◆ **PROBLEM DESCRIPTION**: Please give back each line below unchanged; none of the pictures should appear.

(Data excerpts)

★ ★ ★

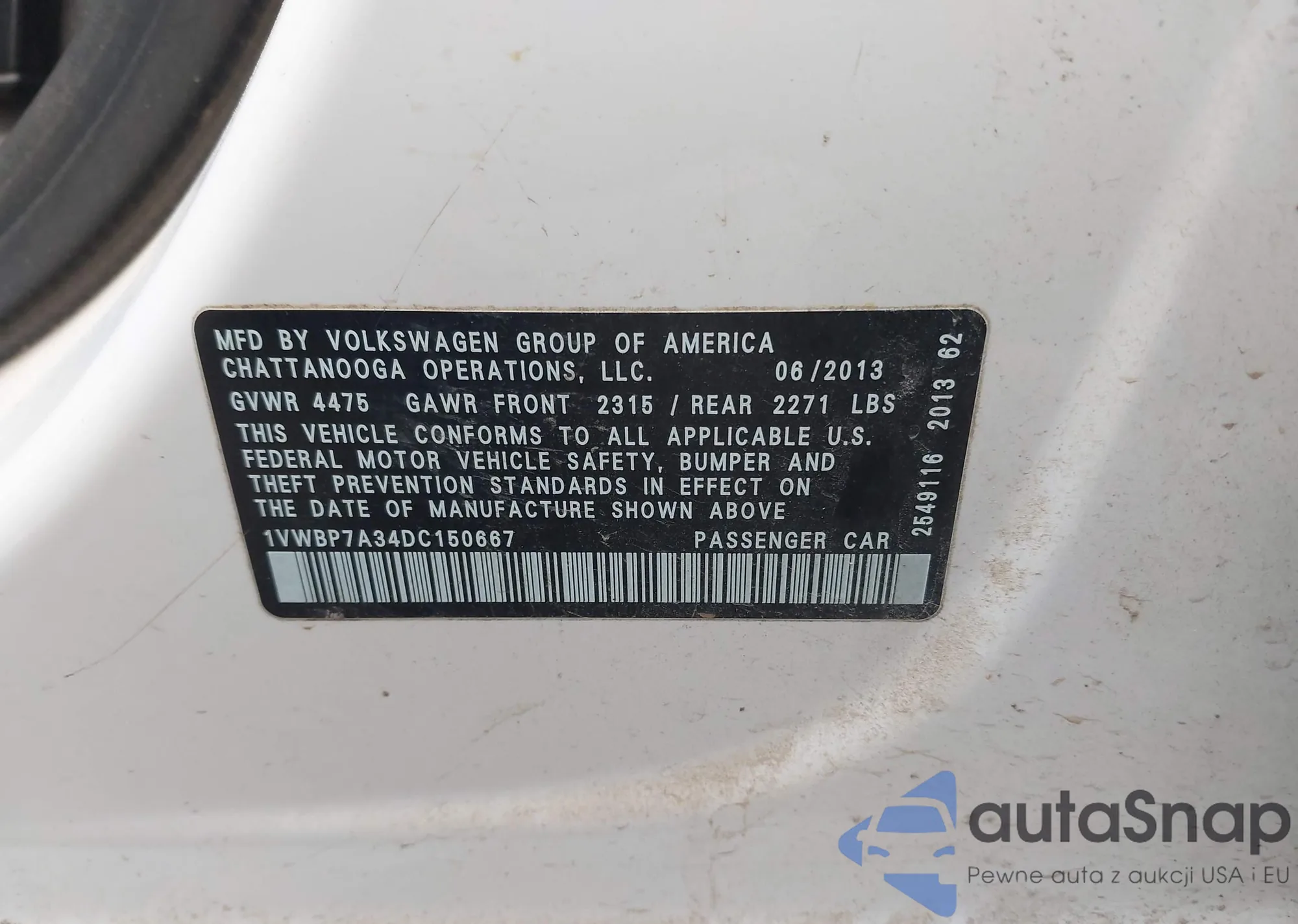VIN: 1VWBP7A34DC150667
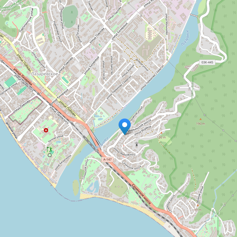 Удачное расположение здания позволяет Вам за 5 мин дойти до речки Псезуапсе, где Вы можете в тени деревьев пожарить шашлыки или окунуться в прохладную воду во время жары.
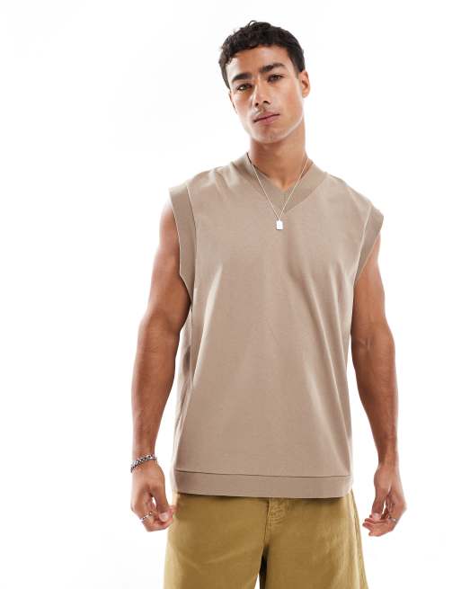 ASOS DESIGN oversized V-neck tank with contrast seams in stone
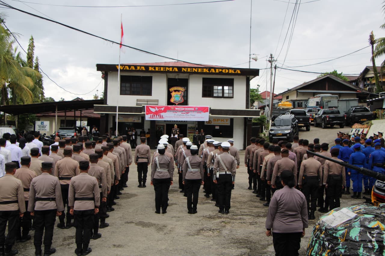 Kapolres Fakfak, AKBP Hendriyana, S.E., M.H., bertindak sebagai Inspektur Upacara. Adapun AKP Wisran Litiloly, S.H., M.H., menjadi Perwira Upacara dan IPDA Damin Adi sebagai Komandan Upacara. Seluruh unsur satuan di lingkungan Polres Fakfak turut ambil bagian, termasuk Samapta, Polair, Lalu Lintas, staf Polres, gabungan Polsek, serta Intelkam/Reskrim.
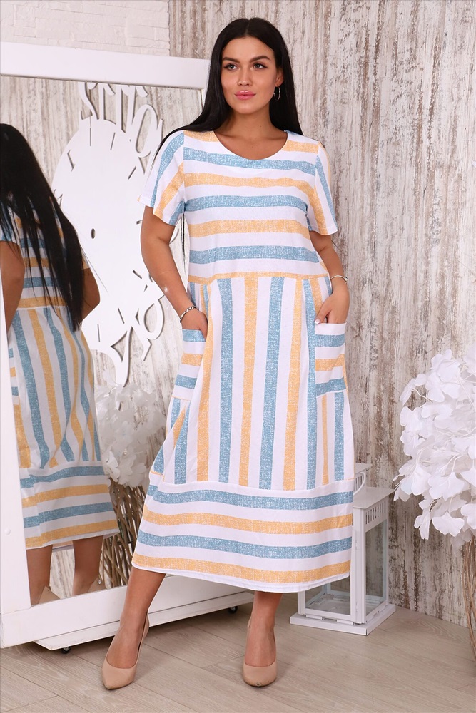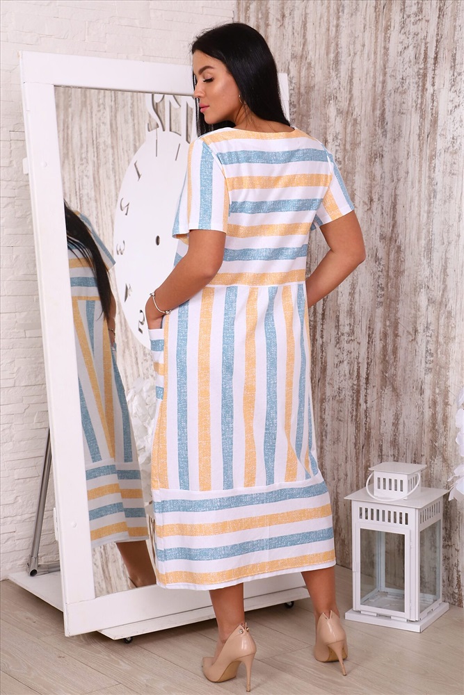 ID товара: 1114109 Состав: 100% Хлопок Сезон: Весна/Лето Длина: Мини Фасон: Полуприталенный Рукав: короткие Вырез горловины: Округлый Рисунок: Полоска Тип карманов: Накладные Декоративные элементы: Принт Основная ткань: Хлопок Стиль: повседневный Вид ткани: Кулирка Страна бренда: Россия Страна производства: Россия Женское полуприталенное платье. Рукав втачной, короткий, накладные карманы, длина изделия ниже колен Комментарии к товару
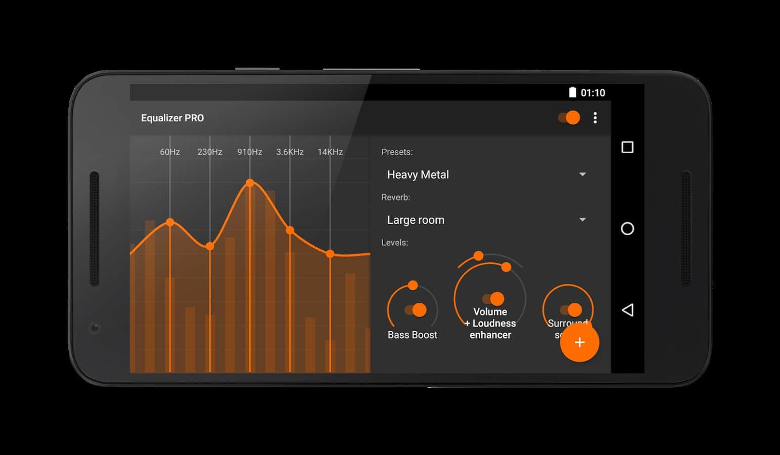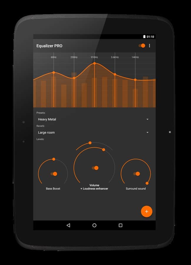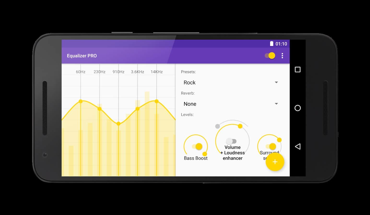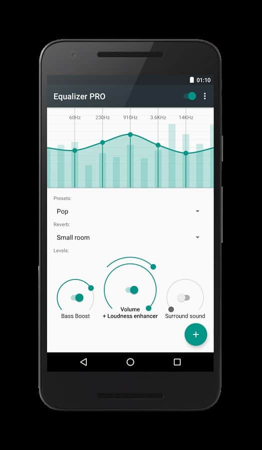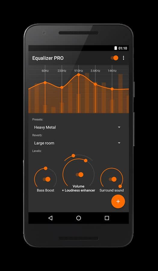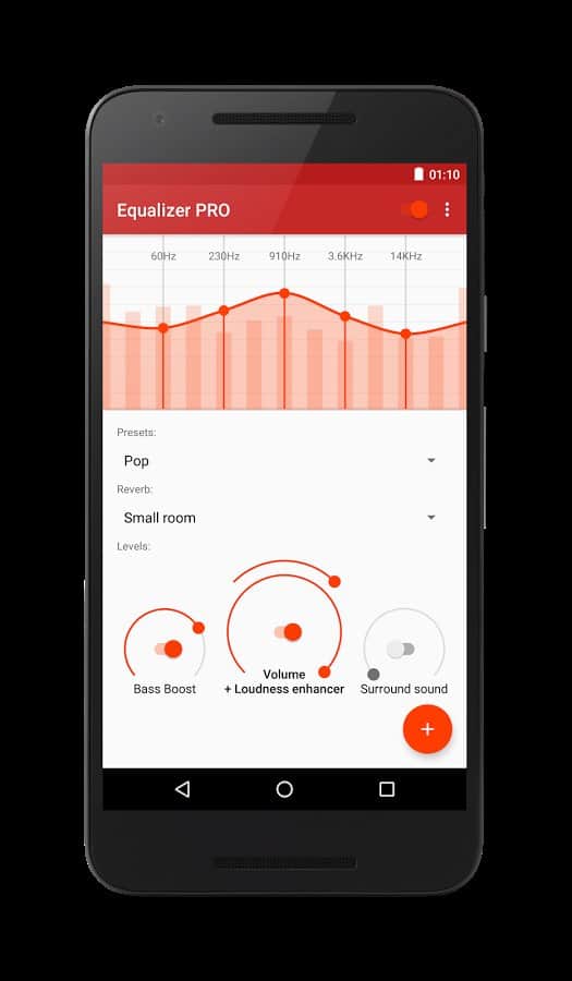 Equalizer - Bass Boost - Это приложение отлично подойдет для тех кто любит врубать музыку по громче. Однако усиление звука это далеко не основная функция данного приложения. Оно было создано для того что бы вы могли насладиться звучанием музыки, а сделать это можно будет настроив некоторые параметры, такие как тональность, баланс и прочее. Сделать это можно автоматически выбрав определенный шаблон под разный тип музыки. Однако если вам захочется то можно будет настроить все параметры вручную.
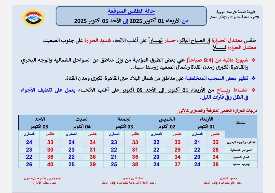 كشفت الهيئة العامة للأرصاد الجوية ان حالة الطقس غدا الأربعاء 1 أكتوبر 2025 ستشهد شبوره مائية تبدا من الساعة 4:00 صباحا وتمتد حتى 8:00 صباحا او ذلك على بعض الطرق المؤدية من والى مناطق من السواحل الشمالية والوجه البحري والقاهرة الكبرى والمدن القناه وشمال الصعيد ووسط سيناء، بالإضافة الى ظهور بعض السحب المنخفضة على المناطق من شمال البلاد حتى القاهرة الكبرى ومدن القناه، ونشط للرياح على اغلب الانحاء يساعد على تلطيف الأجواء في الظل وفي فترات الليل، كما ستسجل درجه الحراره غدا في القاهرة والوجه البحري 32 العظمى 21 للصغرى وفي السواحل الشمالية 28 للعظمى 22 للصغرى وفي شمال الصعيد 34 العظمى و20 للصغرى، وفي جنوب الصعيد 38 العظمى 24 للصغرى.
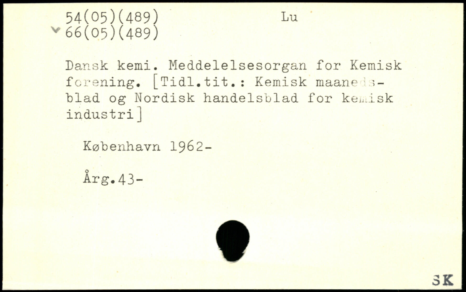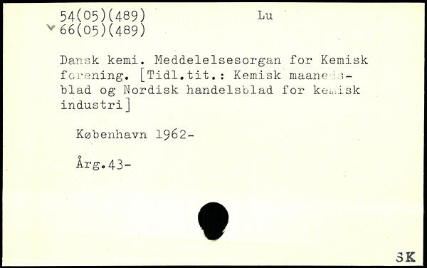 Dansk kemi. Meddelelsesorgan for Kemisk forening. [Tidl.tit.: Kemisk maanei >-blad og Nordisk handelsblad for kemisk industri]
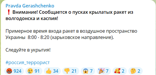 "Внимание! Сообщается о пусках крылатых ракет с волгодонской и каспии! Приблизительное время входа ракет в воздушное пространство Украины 8:00 – 8:20 (харьковское направление)", — говорится в сообщении.
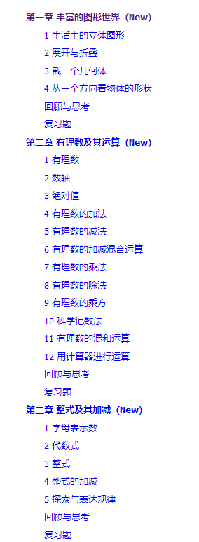 这是七年级的目录,第一章从简单的图形开始学习,将立体图形与平面图形联系起来,算是对小学知识的一个总结回顾,同时过渡到初中学习图形时很重要的一个思想“以运动的视角观察图形”。这个单元作为衔接单元,孩子学起来相对轻松,也算给了他们一个相对缓冲和适应的时间。
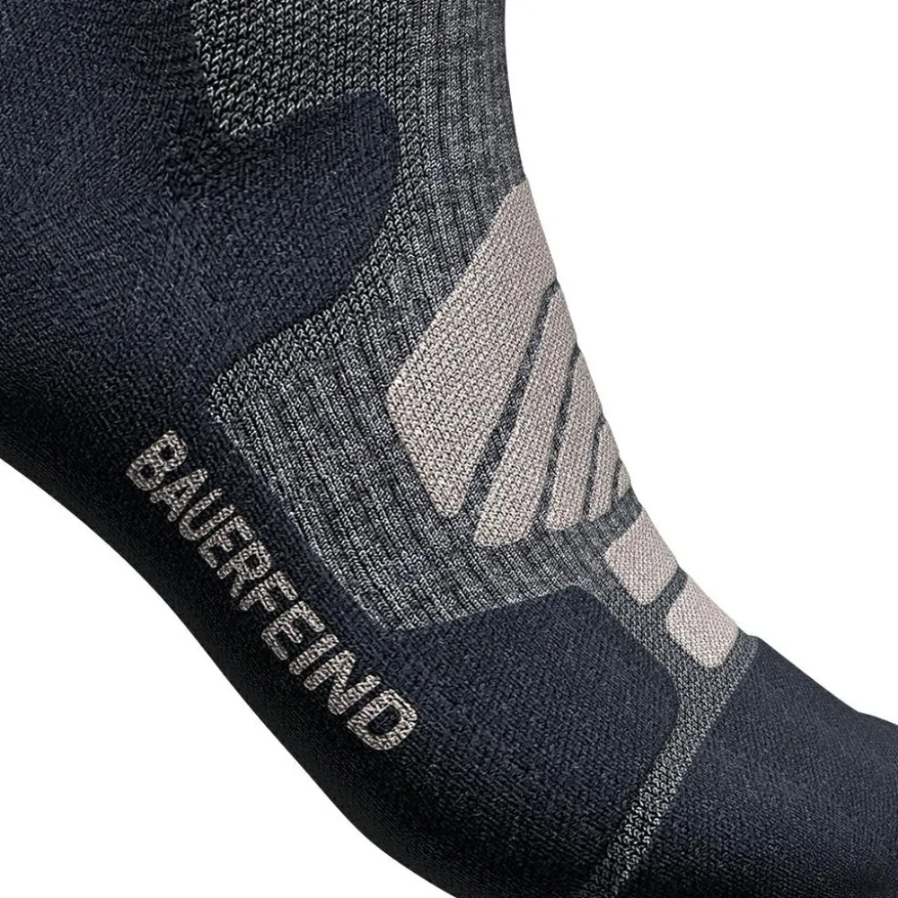 Die Bauerfeind Sports Outdoor Merino Compression Socks geben durch spezielle Kompressionszonen Power für Wanderungen auf jedem Terrain. Die gezielte Kompression fördert die Durchblutung und verbessert die Muskelökonomie. So ermüden die Waden langsamer und bleiben auf langen Touren leistungsfähiger. Der hohe Anteil an wohltuender Merinowolle bietet hervorragenden Tragekomfort: Die Naturfaser hält die Füße trocken und frisch – ein wahres Naturtalent mit Klimaregulation.
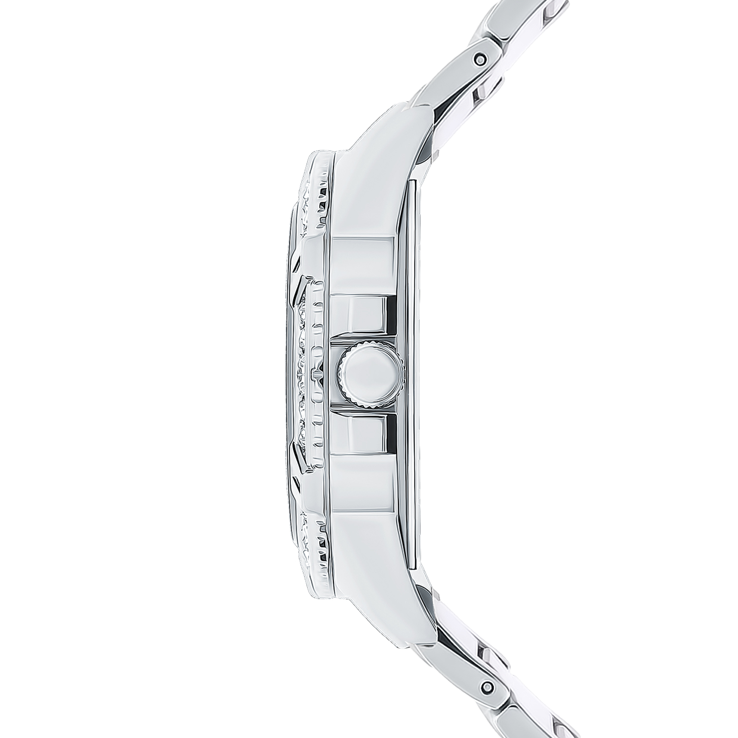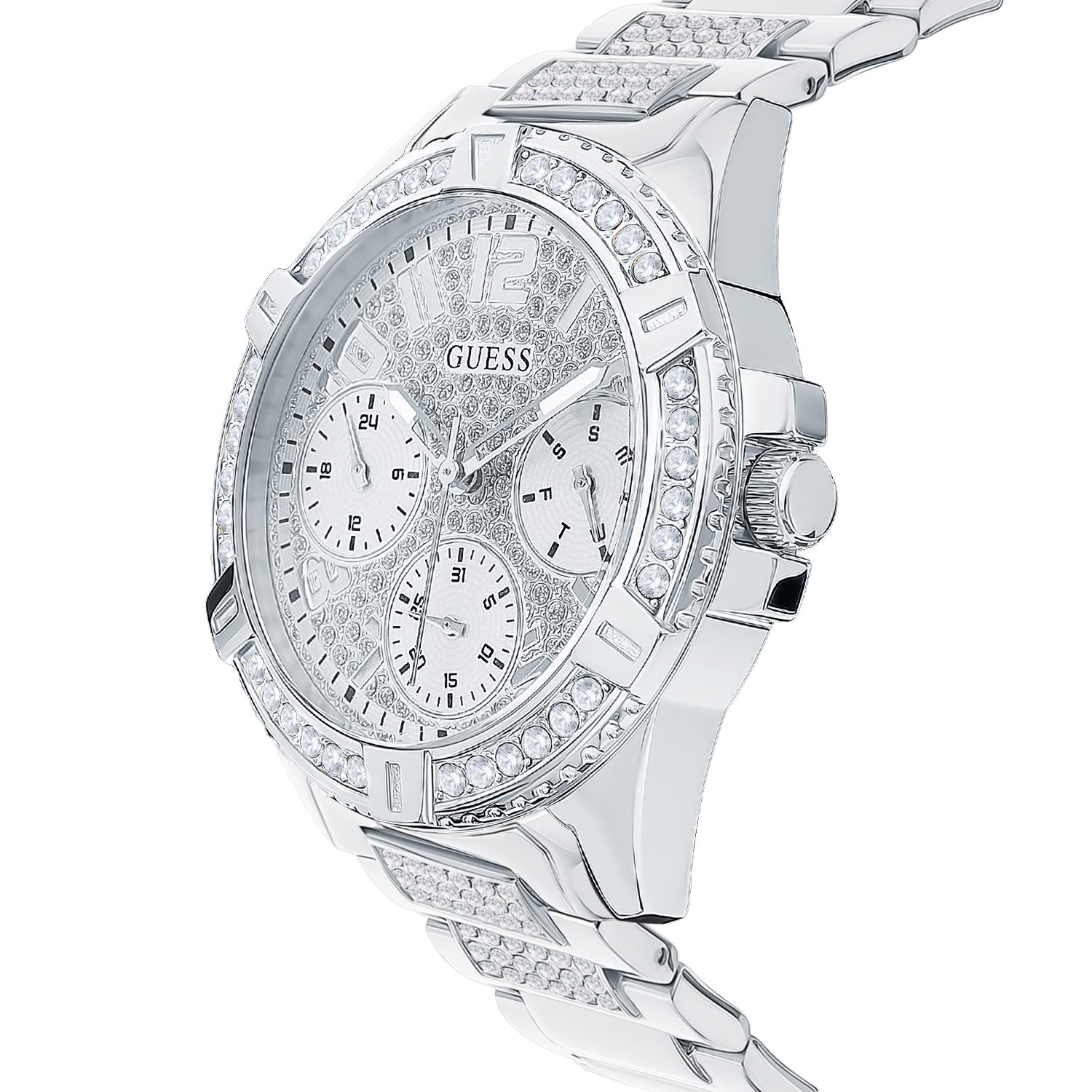 Женские наручные часы GUESS модель W1156L1 из коллекции GUESS TREND. Японский кварцевый мультифункциональный механизм VX7JE1S SEIKO (TMI) с вынесенными на отдельные циферблаты датой, днем недели и часовой стрелкой в режиме 24 часа использующий элемент питания SR927SW. Стальной корпус размера 40 мм. Минеральное стекло. Стальной браслет. Водостойкость 5 АТМ (мытье рук, дождь). GUESS – лидер в индустрии фешен часов по длительности присутствия на рынке и по ширине коллекции, ежегодно создает более 100 новинок. Компания GUESS Watches, основанная в 1984 году в Лос-Анджелесе (США) как пионер революции, возглавила трансформацию часов из простого инструмента для определения времени в стильный аксессуар. Бренд не боится экспериментировать. Разнообразные формы корпуса, сложно декорированные циферблаты, уникальный дизайн браслетов. GUESS – это про тренды и технологии в мире моды. Это яркие и дизайнерские часы, призванные угодить самым смелым фешн-драйверам и энтузиастам моды по всему миру. Страна-изготовитель: Филиппины. При изготовлении используются только надежные Японские механизмы. ВНИМАНИЕ! Заявленная водостойкость гарантируется только при плотно закрытой или закрученной заводной головке!

★ ★ ★

◆ **EXPECTED OUTPUT**:
VIN: 1VWBP7A34DC150667
 Удачное расположение здания позволяет Вам за 5 мин дойти до речки Псезуапсе, где Вы можете в тени деревьев пожарить шашлыки или окунуться в прохладную воду во время жары.
 ASOS DESIGN oversized V-neck tank with contrast seams in stone
 Kapolres Fakfak, AKBP Hendriyana, S.E., M.H., bertindak sebagai Inspektur Upacara. Adapun AKP Wisran Litiloly, S.H., M.H., menjadi Perwira Upacara dan IPDA Damin Adi sebagai Komandan Upacara. Seluruh unsur satuan di lingkungan Polres Fakfak turut ambil bagian, termasuk Samapta, Polair, Lalu Lintas, staf Polres, gabungan Polsek, serta Intelkam/Reskrim.
 ID товара: 1114109 Состав: 100% Хлопок Сезон: Весна/Лето Длина: Мини Фасон: Полуприталенный Рукав: короткие Вырез горловины: Округлый Рисунок: Полоска Тип карманов: Накладные Декоративные элементы: Принт Основная ткань: Хлопок Стиль: повседневный Вид ткани: Кулирка Страна бренда: Россия Страна производства: Россия Женское полуприталенное платье. Рукав втачной, короткий, накладные карманы, длина изделия ниже колен Комментарии к товару
 Equalizer - Bass Boost - Это приложение отлично подойдет для тех кто любит врубать музыку по громче. Однако усиление звука это далеко не основная функция данного приложения. Оно было создано для того что бы вы могли насладиться звучанием музыки, а сделать это можно будет настроив некоторые параметры, такие как тональность, баланс и прочее. Сделать это можно автоматически выбрав определенный шаблон под разный тип музыки. Однако если вам захочется то можно будет настроить все параметры вручную.
 كشفت الهيئة العامة للأرصاد الجوية ان حالة الطقس غدا الأربعاء 1 أكتوبر 2025 ستشهد شبوره مائية تبدا من الساعة 4:00 صباحا وتمتد حتى 8:00 صباحا او ذلك على بعض الطرق المؤدية من والى مناطق من السواحل الشمالية والوجه البحري والقاهرة الكبرى والمدن القناه وشمال الصعيد ووسط سيناء، بالإضافة الى ظهور بعض السحب المنخفضة على المناطق من شمال البلاد حتى القاهرة الكبرى ومدن القناه، ونشط للرياح على اغلب الانحاء يساعد على تلطيف الأجواء في الظل وفي فترات الليل، كما ستسجل درجه الحراره غدا في القاهرة والوجه البحري 32 العظمى 21 للصغرى وفي السواحل الشمالية 28 للعظمى 22 للصغرى وفي شمال الصعيد 34 العظمى و20 للصغرى، وفي جنوب الصعيد 38 العظمى 24 للصغرى.
 Dansk kemi. Meddelelsesorgan for Kemisk forening. [Tidl.tit.: Kemisk maanei >-blad og Nordisk handelsblad for kemisk industri]
 "Внимание! Сообщается о пусках крылатых ракет с волгодонской и каспии! Приблизительное время входа ракет в воздушное пространство Украины 8:00 – 8:20 (харьковское направление)", — говорится в сообщении.
 这是七年级的目录,第一章从简单的图形开始学习,将立体图形与平面图形联系起来,算是对小学知识的一个总结回顾,同时过渡到初中学习图形时很重要的一个思想“以运动的视角观察图形”。这个单元作为衔接单元,孩子学起来相对轻松,也算给了他们一个相对缓冲和适应的时间。
 Die Bauerfeind Sports Outdoor Merino Compression Socks geben durch spezielle Kompressionszonen Power für Wanderungen auf jedem Terrain. Die gezielte Kompression fördert die Durchblutung und verbessert die Muskelökonomie. So ermüden die Waden langsamer und bleiben auf langen Touren leistungsfähiger. Der hohe Anteil an wohltuender Merinowolle bietet hervorragenden Tragekomfort: Die Naturfaser hält die Füße trocken und frisch – ein wahres Naturtalent mit Klimaregulation.
 Женские наручные часы GUESS модель W1156L1 из коллекции GUESS TREND. Японский кварцевый мультифункциональный механизм VX7JE1S SEIKO (TMI) с вынесенными на отдельные циферблаты датой, днем недели и часовой стрелкой в режиме 24 часа использующий элемент питания SR927SW. Стальной корпус размера 40 мм. Минеральное стекло. Стальной браслет. Водостойкость 5 АТМ (мытье рук, дождь). GUESS – лидер в индустрии фешен часов по длительности присутствия на рынке и по ширине коллекции, ежегодно создает более 100 новинок. Компания GUESS Watches, основанная в 1984 году в Лос-Анджелесе (США) как пионер революции, возглавила трансформацию часов из простого инструмента для определения времени в стильный аксессуар. Бренд не боится экспериментировать. Разнообразные формы корпуса, сложно декорированные циферблаты, уникальный дизайн браслетов. GUESS – это про тренды и технологии в мире моды. Это яркие и дизайнерские часы, призванные угодить самым смелым фешн-драйверам и энтузиастам моды по всему миру. Страна-изготовитель: Филиппины. При изготовлении используются только надежные Японские механизмы. ВНИМАНИЕ! Заявленная водостойкость гарантируется только при плотно закрытой или закрученной заводной головке!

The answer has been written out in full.